The attack on the United Nations' Iraq headquarters in Baghdad, the blast at a U.S.-run hotel in Indonesia and bombings in India's commercial hub, Mumbai (Bombay), were the most recent examples of a pattern, he said.
"I say this with great regret, that this is a pattern that is only going to increase or intensify in the next few months."
Despite last month's arrest of the man suspected of being one of the kingpins of the shadowy Southeast Asian network known as Jamaah Islamiyah (JI), analysts say the group remains active and dangerous.
"The information emerging from the interrogation of JI suspects is a bigger organization than previously thought, with a depth of leadership," said Sidney Jones, Indonesia project director for the International Crisis Group (ICG), in a recent report.
Jamaah Islamiyah is believed by many experts to be the regional arm of Osama bin Laden's al-Qaeda network, blamed for the Sept. 11 attacks that precipitated the U.S.-led war in Afghanistan and turned the spotlight on Asia.
In the past year, more than 200 people suspected of having links with JI have been taken into custody in Indonesia, Malaysia, Singapore, Thailand and the Philippines.

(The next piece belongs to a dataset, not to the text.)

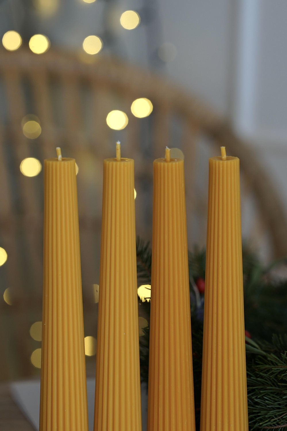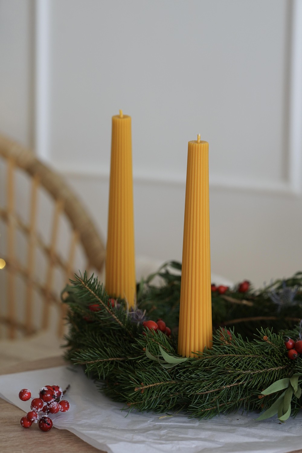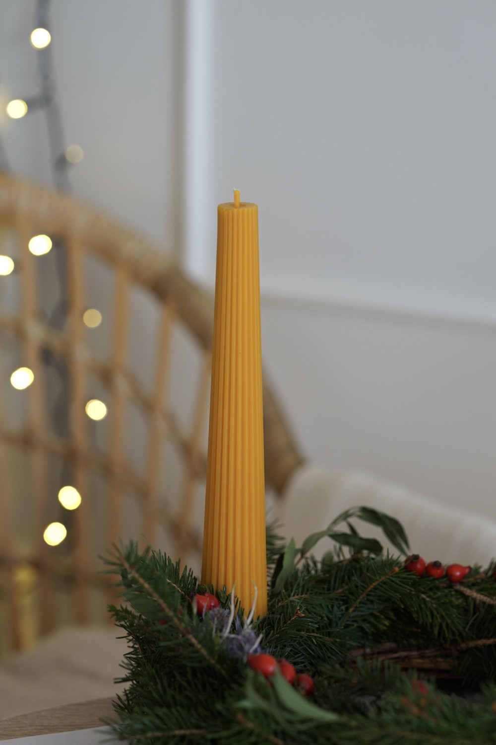 Užijte si kouzlo adventního času s našimi ručně vyrobenými svíčkami z čistého včelího vosku, které Váš domov provoní jemnou medovou vůní. Aria je vysoká svíčka zdobená po celém obvodu jemnými proužky. Dolní část svíčky je široká a směrem nahoru se postupně zužuje. Sada obsahuje 4 kusy svíček ze včelího vosku do Vašich adventních věnců a svátečních aranžmá.

But the Indonesian hotel bombing showed the group remained dangerous despite many of its suspected operatives being detained or jailed since last year's attack in Bali in which 202 people were killed.
Asian authorities say that while JI has received funding and training from al-Qaeda, the group has different goals and takes major operational decisions independently.

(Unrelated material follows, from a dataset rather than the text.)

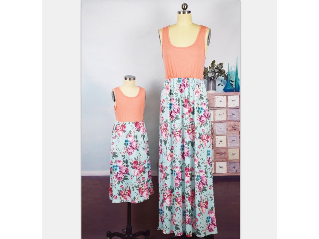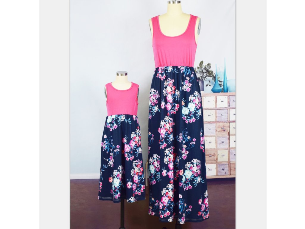 Dlouhé květinové šaty pro mámu a dceru (body 9-12 měsíců)

"All... groups tend to be lumped together. Their motives can be quite different," Uday Bhaskar said.
The Mumbai blasts, for example, have been blamed on the Students Islamic Movement of India in conjunction with a Pakistan-based Kashmiri separatist group, while the aim of the Indonesian attacks was to bring about the downfall of the secular government and the creation of a pan-regional Islamic State.
But the links exist.
The ICG report said JI was held together not just by ideology and training, but also through a network of marriages -- a sort of extended family with thousands of members.
The network relies heavily on a small circle of religious boarding schools -- an "Ivy League" according to the ICG -- to which members send their children.
"We will only be able to declare victory when all the main mullahs and others say without reservation that anyone who engages in this is a criminal and worse," said Babbage.
But a nugget of good news has emerged.
Experts say some JI members were questioning the justification for a campaign in which many of those killed or wounded were countrymen. "Internal rifts have destroyed more than one radical organization; perhaps they will seriously weaken this one," the ICG report said.